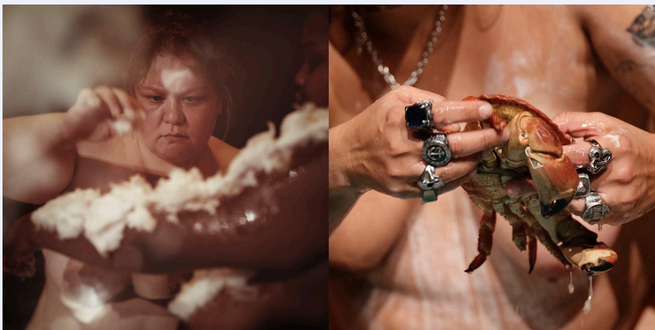
Residency at TPM - Théâtre Public Montreuil, December 2025
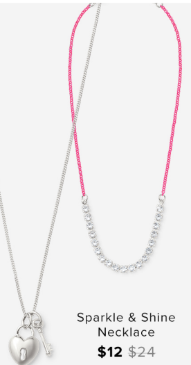
Sparkle & Shine Necklace $12 $24
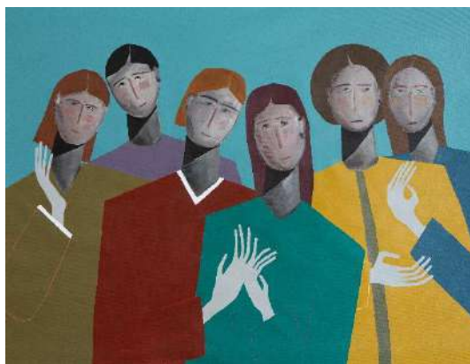
DANCE IN THE DUSK | $4500 AUD Acrylic on canvas | 120 X 90 cm
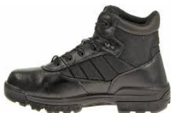
Bates # E03162 Medium & Wide Width

Bates is a brand grounded in the history of serving the people who keep us safe and the tradition of quality and value. At Bates,
....
=== PROBLEM REQUIREMENTS ===
Repeat, exactly and in full, every entry in the data, but not the pictures.

=== EXPECTED OUTPUT ===
Residency at TPM - Théâtre Public Montreuil, December 2025
Sparkle & Shine Necklace $12 $24
DANCE IN THE DUSK | $4500 AUD Acrylic on canvas | 120 X 90 cm
Bates # E03162 Medium & Wide Width

Bates is a brand grounded in the history of serving the people who keep us safe and the tradition of quality and value. At Bates,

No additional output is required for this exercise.